Would you give the listing again exactly, without its images?

**Supplied material**

-- -- --

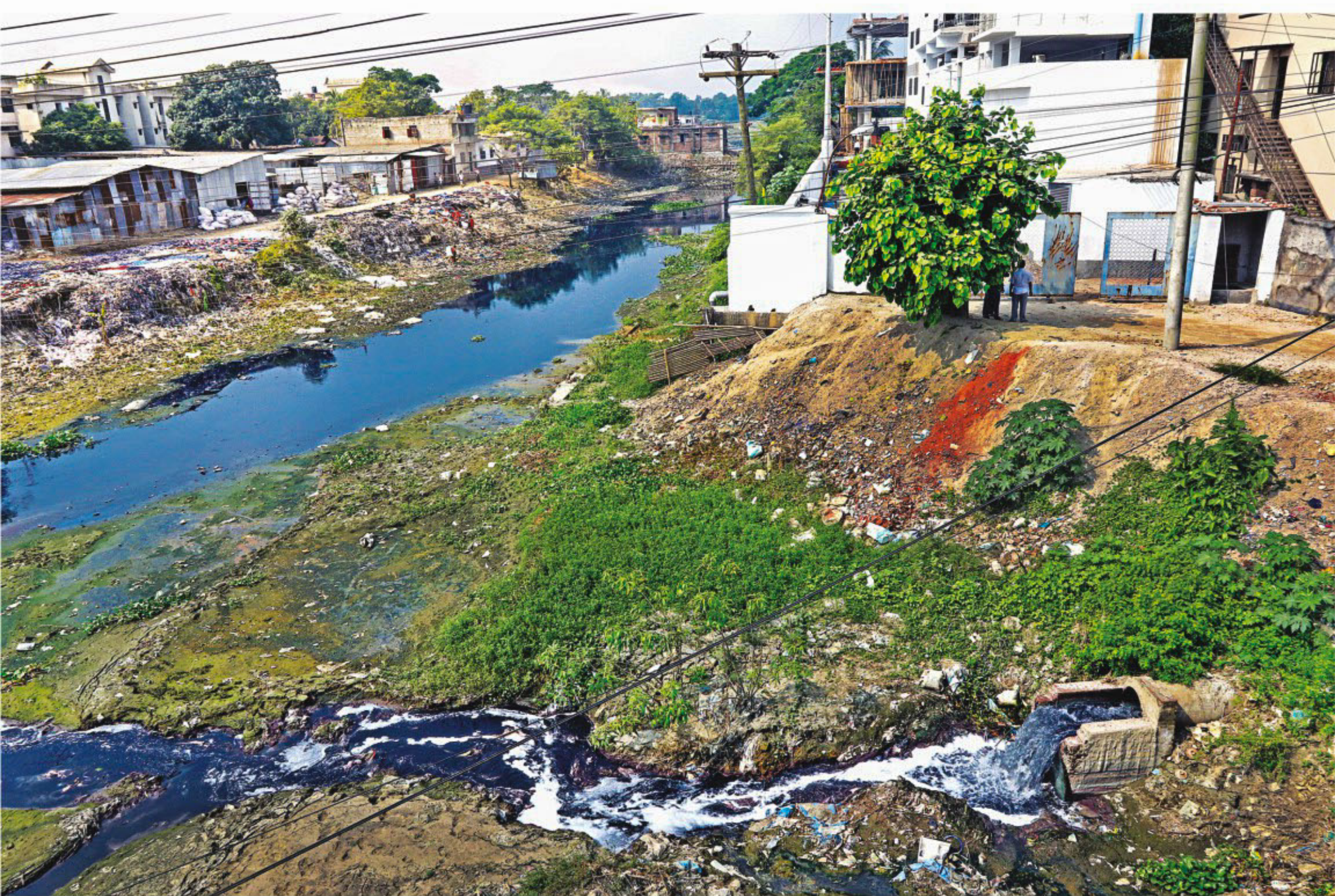
Discharge of untreated waste of dyeing factories into the Karmapara canal in Savar pollutes the water. To make things worse, local influential people dump garbage choking the canal. The photo was taken yesterday near Savar Bank Town.
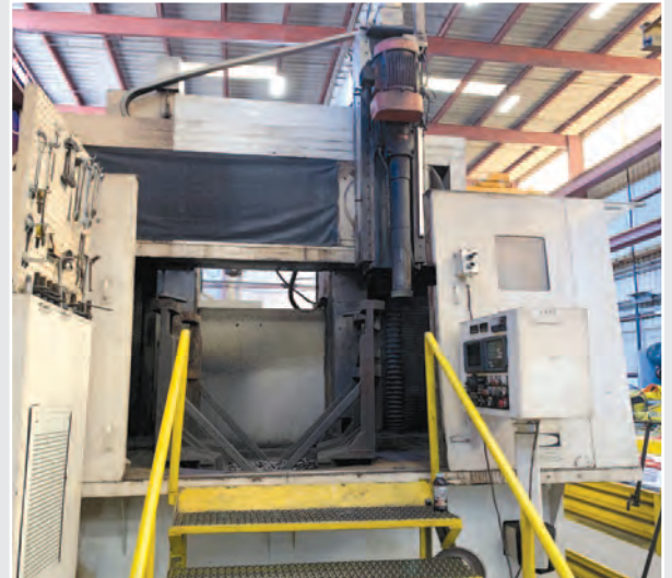
• Springfield 48 CNC High Column CNC I.D / O.D. Vertical Grinder, 48" dia. table, 72" swing, 72" under rail, 5-100 rpm, 10 hp, GE Fanuc 15-T CNC, wheel dresser, coolant
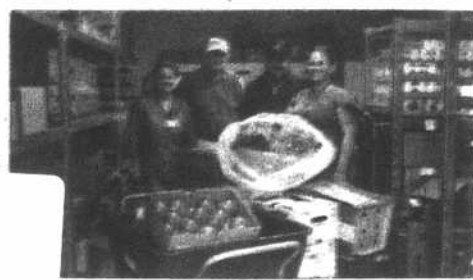
AL GROUPS COMING TOGETHER FEED FAMILIES — 1B
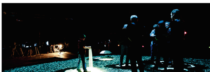
Fig. 5. “Einstein’s Dream” 2010-2013; Topological Media Lab ; Concordia University Montreal; 12 April 2017. http://topologicalmedialab.net/research/movement-and-gesture/media-choreography/einsteins-dream/

-- -- --

**Answer section**
Discharge of untreated waste of dyeing factories into the Karmapara canal in Savar pollutes the water. To make things worse, local influential people dump garbage choking the canal. The photo was taken yesterday near Savar Bank Town.
• Springfield 48 CNC High Column CNC I.D / O.D. Vertical Grinder, 48" dia. table, 72" swing, 72" under rail, 5-100 rpm, 10 hp, GE Fanuc 15-T CNC, wheel dresser, coolant
AL GROUPS COMING TOGETHER FEED FAMILIES — 1B
Fig. 5. “Einstein’s Dream” 2010-2013; Topological Media Lab ; Concordia University Montreal; 12 April 2017. http://topologicalmedialab.net/research/movement-and-gesture/media-choreography/einsteins-dream/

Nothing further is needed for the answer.